Article Published: Sep. 20, 2012 | Modified: Sep. 20, 2012

On Thursday, Oct. 4, three renowned writers and the senior editor of Algonquin Books will gather for a special event at the Broyhill Events Center on the campus of Appalachian State University.

Authors Barbara Kingsolver, Hillary Jordan and Naomi Benaron will join editor Kathie Pories for a conversation about literature, culture, politics and social issues.

The event is sponsored by Kingsolver and ASU’s Belk Library.

Both Jordan and Benaron are recent Bellwether Prize winners. Established by Kingsolver, the Bellwether Prize is given to debut novels that promote conscience, social responsibility and literary merit. Winning authors receive a $25,000 to help them further their writing careers.

Jordan received the 2008 Bellwether Prize for her debut novel, “Mudbound.” She has since then published “When She Woke,” a chilling tale of the near future where criminals are genetically dyed different colors to show the public what sorts of crimes they have committed. The story’s protagonist, Hannah, has been convicted of murder and has had her body completely changed to red.

The paperback edition of “When She Woke” was released by Algonquin Books this week. Editions of books by Jordan, Benaron and Kingsolver will be available at the ASU Bookstore, and the authors will meet with the public and sign copies of their books after the event at the Broyhill Events Center, formerly the Broyhill Inn & Conference Center, located at 775 Bodenheimer Drive on campus.
For more information on the event, call (828) 262-2186.
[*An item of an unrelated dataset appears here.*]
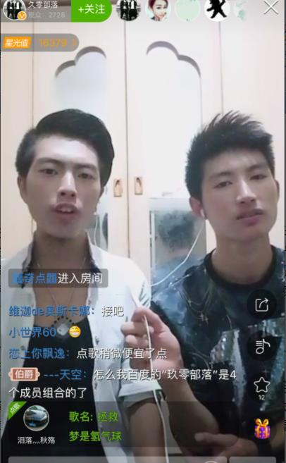他们不善言辞但内心狂热,他们心中有爱总能大声唱出来,他们朴实无华却技惊四座!他们就是来自四川小凉山的玖零部落组合!6月12日晚,队长阿sa和阿体代表玖零部落组合通过繁星直播app举办歌友会,当晚他们通过《旅行》《烫心》《逆战》《妈妈》《父亲》等十多首歌曲展现完美和声和音乐天赋,更与粉丝真情交流互动,简单却又真实的话语,和他们的歌声一样具有暖暖正能量!

The Mountain Times caught up with Jordan to find out what goes on behind the writer’s door.

Mountain Times: How did winning the Bellwether Prize change your life?
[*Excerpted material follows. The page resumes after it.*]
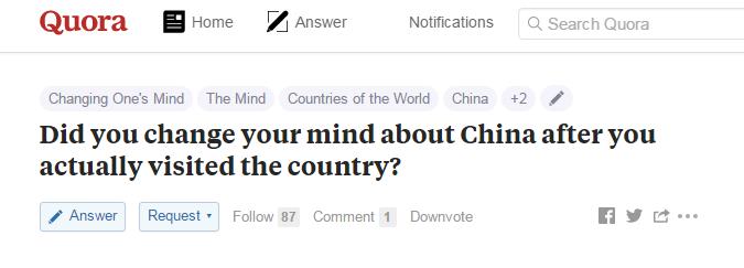 “當你真正來到中國之後,你對中國的看法變了嗎?”一名網友于5月末,在美國問答社區網站Quora上提出了這一問題。截至目前,該問題的頁面信息已經被超過32萬名網友瀏覽。
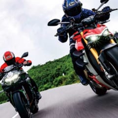 バーハンドルを装着したスポーツネイキッドの世界は、ドゥカティ ストリートファイターV4/Sの新登場でさらに過激化! いやぁマジでスゴい時代がやってきた…。ヤングマシンのテスター・丸山浩がこのカウルレス208psを、同じく200ps級スポーツネイキッド・カワサキZ H2と比較しながら徹底分析。前編はまずスペック比較から。 目次 1 ドゥカティ ストリートファイター V4S2 カワサキ Z H23 ラ […]

Hillary Jordan: It was simply unbelievable. To have one of the best authors in the world in Barbara Kingsolver acknowledge my work was completely uplifting. I worked on “Mudbound” for six years, so to have it recognized by her really boosted my confidence as a writer. Plus, the $25,000 prize was extremely significant in allowing me to continue to write. I was pretty broke at the time. It has also been rewarding to get to know Barbara Kingsolver, who I can say is now my mentor. The acclaim for “Mudbound” and the Bellwether Prize also helped me sell “When She Woke.”
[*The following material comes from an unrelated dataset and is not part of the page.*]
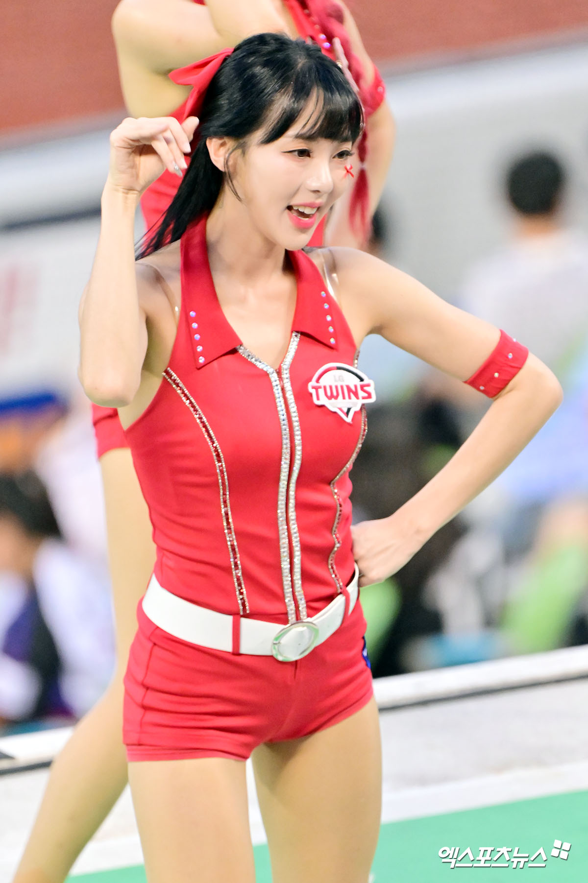 (엑스포츠뉴스 잠실, 김한준 기자) 21일 오후 서울 송파구 잠실야구장에서 열린 '2025 신한 SOL Bank KBO리그' 롯데 자이언츠와 LG 트윈스의 경기, 차영현 치어리더가 멋진 공연을 선보이고 있다.

MT: How have fans of “Mudbound” received “When She Woke” so far?

HJ: I think most of them have enjoyed it, even though some people of faith might have trouble with some of its themes, such as abortion and lesbianism. I’ve had a lot of great responses from young women who feel the book is empowering.

MT: Has anyone approached you about turning your books into movies?

HJ: That’s interesting, because I try to write very cinematically. “Mudbound” has been optioned and is currently being turned into a screenplay, which is very exciting. With “When She Woke,” I’ve had a nibble that didn’t turn into anything. I think Hollywood is afraid of anything controversial, especially if it deals with abortion or lesbian love affairs.

MT: You wrote “When She Woke” last year. This year, there has been a lot said in the news about abortion and women who have been raped being compelled to carry their pregnancy to term. Do you think the society that you portray in the novel is coming to light?

HJ: I think there are certain elements of our society who feel like they know what is best for everyone, even for people who do not share their beliefs.

MT: What are you writing now?

HJ: I am working on a novel that is kind of a sequel to “Mudbound.” One of its central characters, Ronsel Jackson, is an African American who served overseas during World War II. While over there, he impregnates a white German woman. The new book is the story of what happens to their child. I also have a digital short, called “Aftermirth,” that will be released by Algonquin Sept. 18. It is available for Kindles and other e-readers.